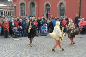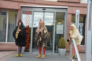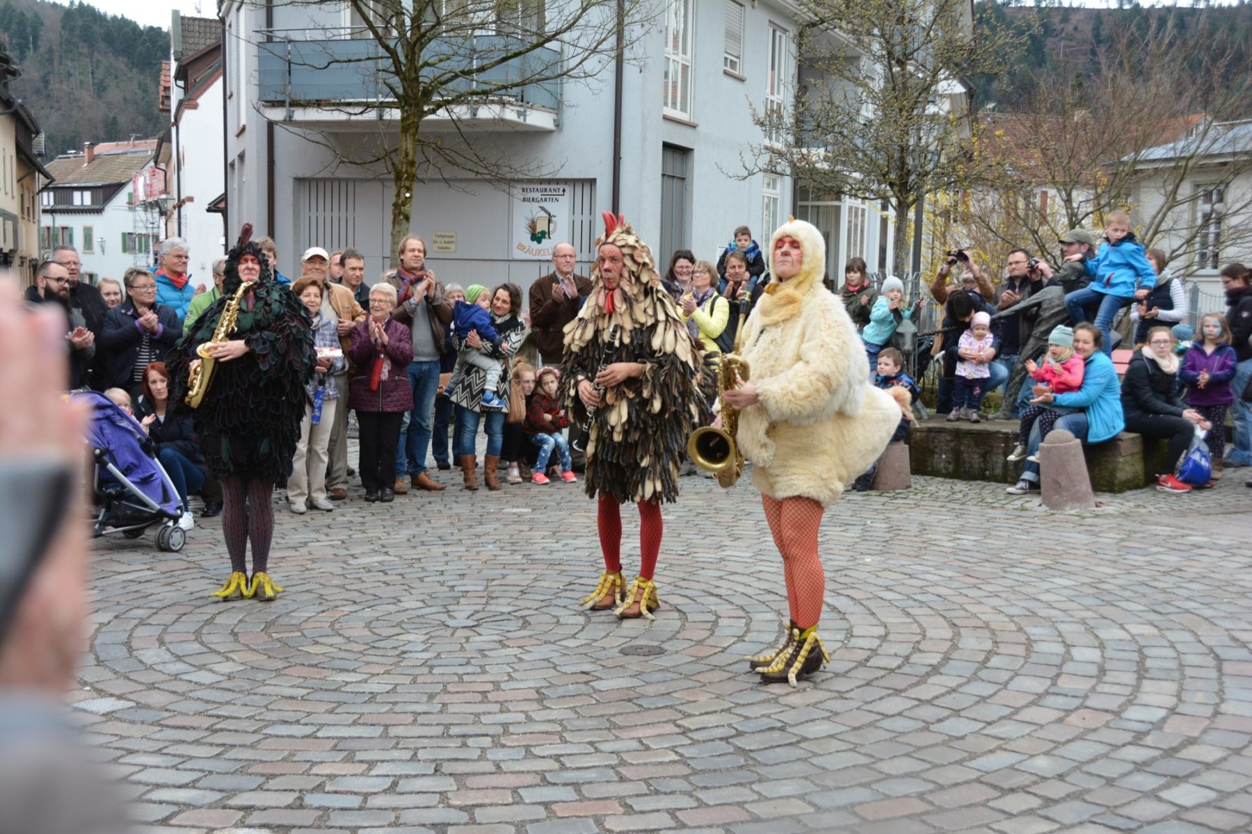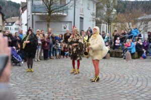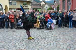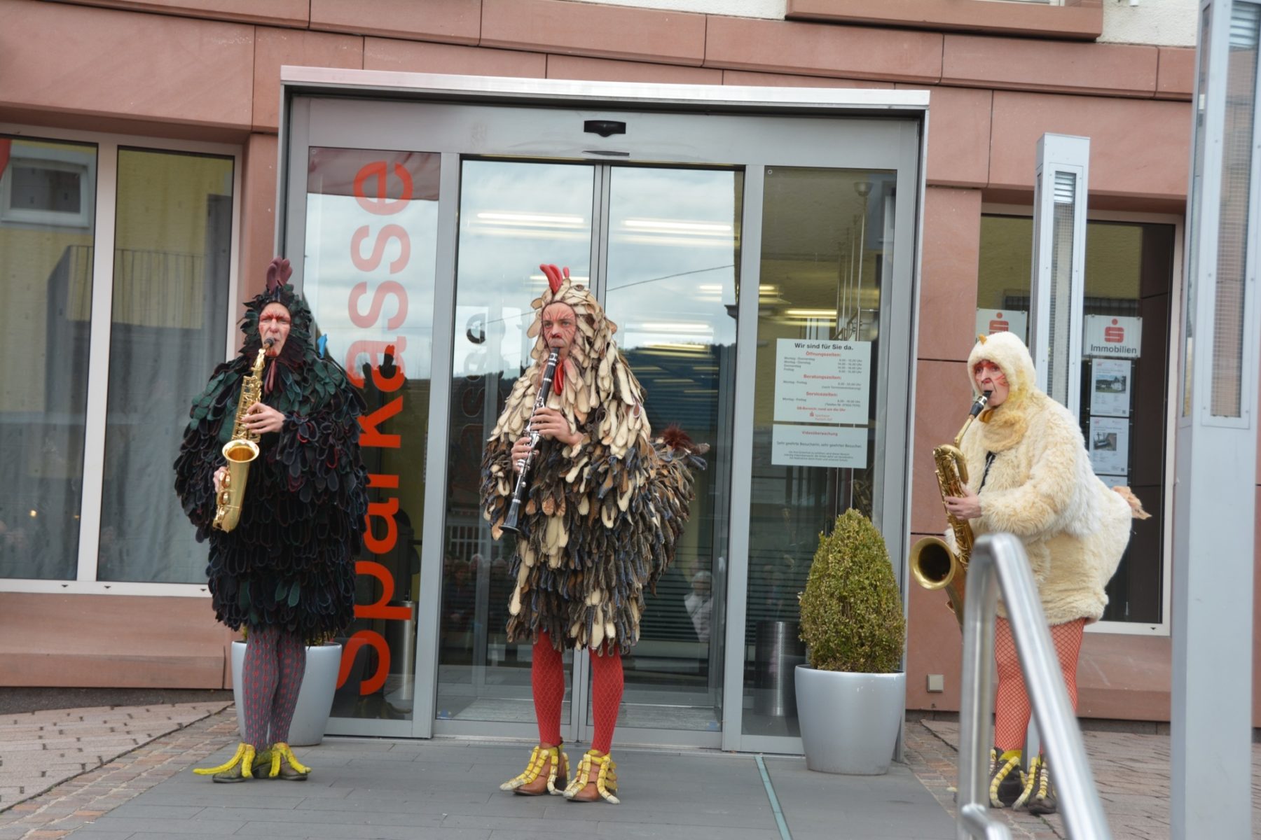Die Stars beim Frühlingsfest waren aber zweifelsfrei die »Cock Tales«. Der prachtvoll gefiederte, musikalische Hühnerhaufen unterhielt das Publikum auf dem Platz vor der Sparkasse mit seinen tierisch-menschlichen Szenen. Der aufgeplusterte Streitgockel und die zickigen Glucken balgten um ein »seltsames« Ei, das wohl eher eine Banane war, und um das begehrte »goldene Ei«. Selbst das Brötchen eines Mädchens, das auf den Schultern ihres Vaters das lustige Schauspiel beobachtet, war beim Auftritt der »Cock Tales« nicht sicher. Das Trio glänzte bei ihrem Spiel sowohl mit ihrer Gestik und auch mit ihrem musikalischen Können. Mit dem Engagement dieser Schauspieltruppe aus Hannover, durch die Stadt Zell im Rahmen des Kulturprogramms »Zellkultur«, hat das Frühlingsfest eine besonders schöne Note erhalten.
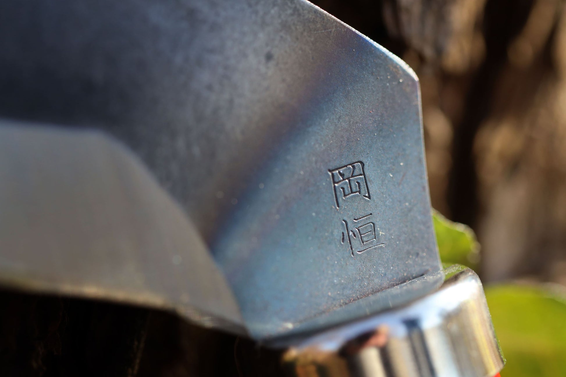 Okatsune 404 Grassichel, gekrümmte Klinge mit einer Länge von 150 mm und eine Dicke von 1,4 mm.
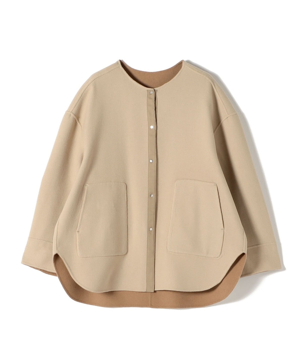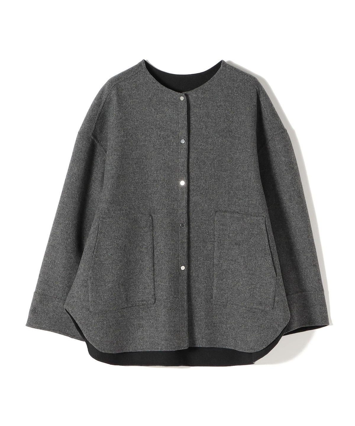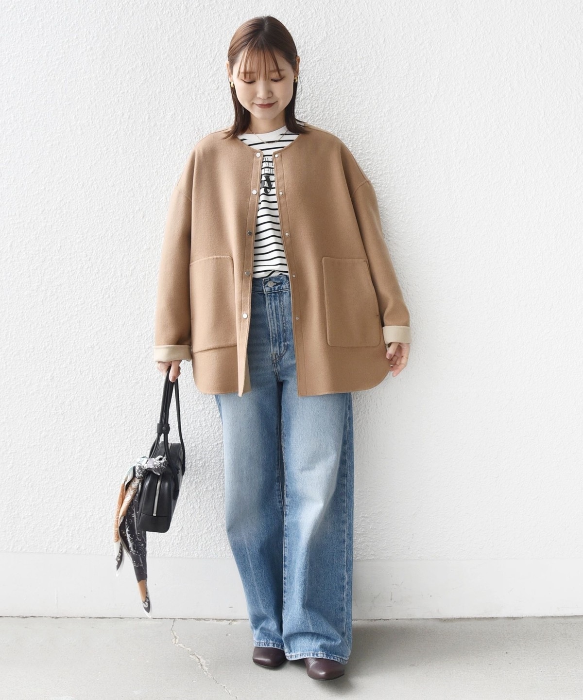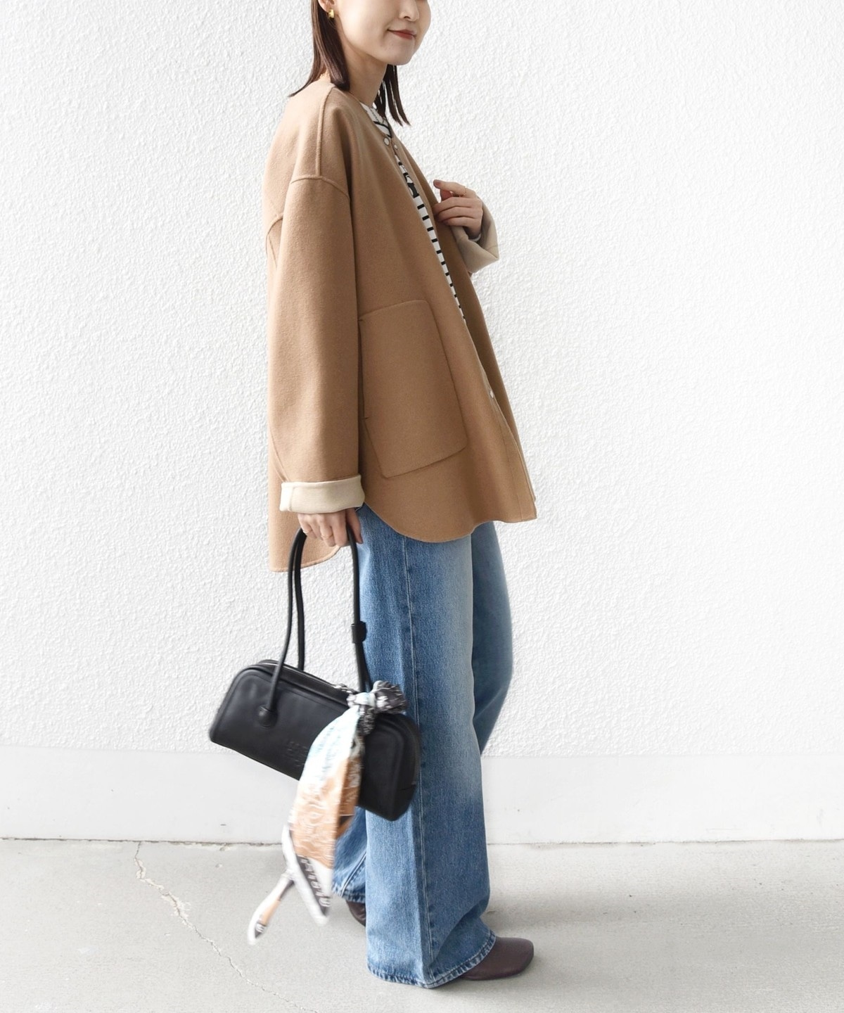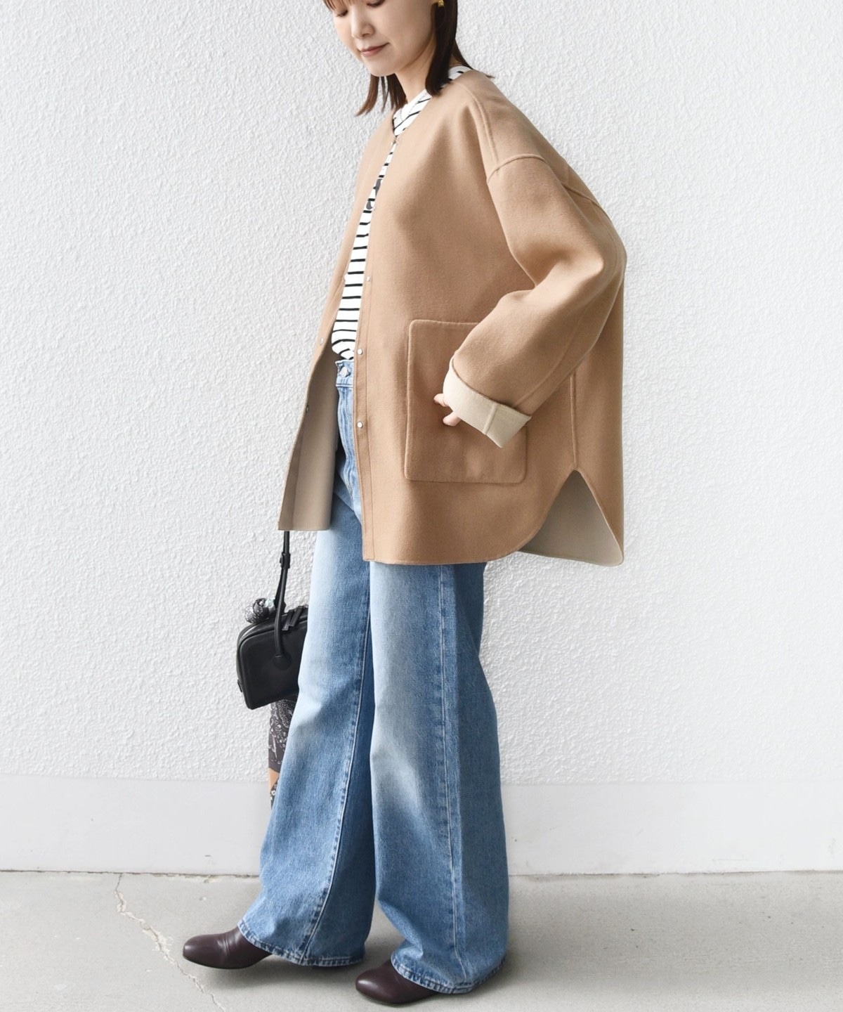 3. セミ 梳毛 配色 リバー ノーカラー コート
* * * * * * *
--- Task description ---
Repeat the data word for word, excluding any image.

--- Task solution ---
Die Stars beim Frühlingsfest waren aber zweifelsfrei die »Cock Tales«. Der prachtvoll gefiederte, musikalische Hühnerhaufen unterhielt das Publikum auf dem Platz vor der Sparkasse mit seinen tierisch-menschlichen Szenen. Der aufgeplusterte Streitgockel und die zickigen Glucken balgten um ein »seltsames« Ei, das wohl eher eine Banane war, und um das begehrte »goldene Ei«. Selbst das Brötchen eines Mädchens, das auf den Schultern ihres Vaters das lustige Schauspiel beobachtet, war beim Auftritt der »Cock Tales« nicht sicher. Das Trio glänzte bei ihrem Spiel sowohl mit ihrer Gestik und auch mit ihrem musikalischen Können. Mit dem Engagement dieser Schauspieltruppe aus Hannover, durch die Stadt Zell im Rahmen des Kulturprogramms »Zellkultur«, hat das Frühlingsfest eine besonders schöne Note erhalten.
 Okatsune 404 Grassichel, gekrümmte Klinge mit einer Länge von 150 mm und eine Dicke von 1,4 mm.
 3. セミ 梳毛 配色 リバー ノーカラー コート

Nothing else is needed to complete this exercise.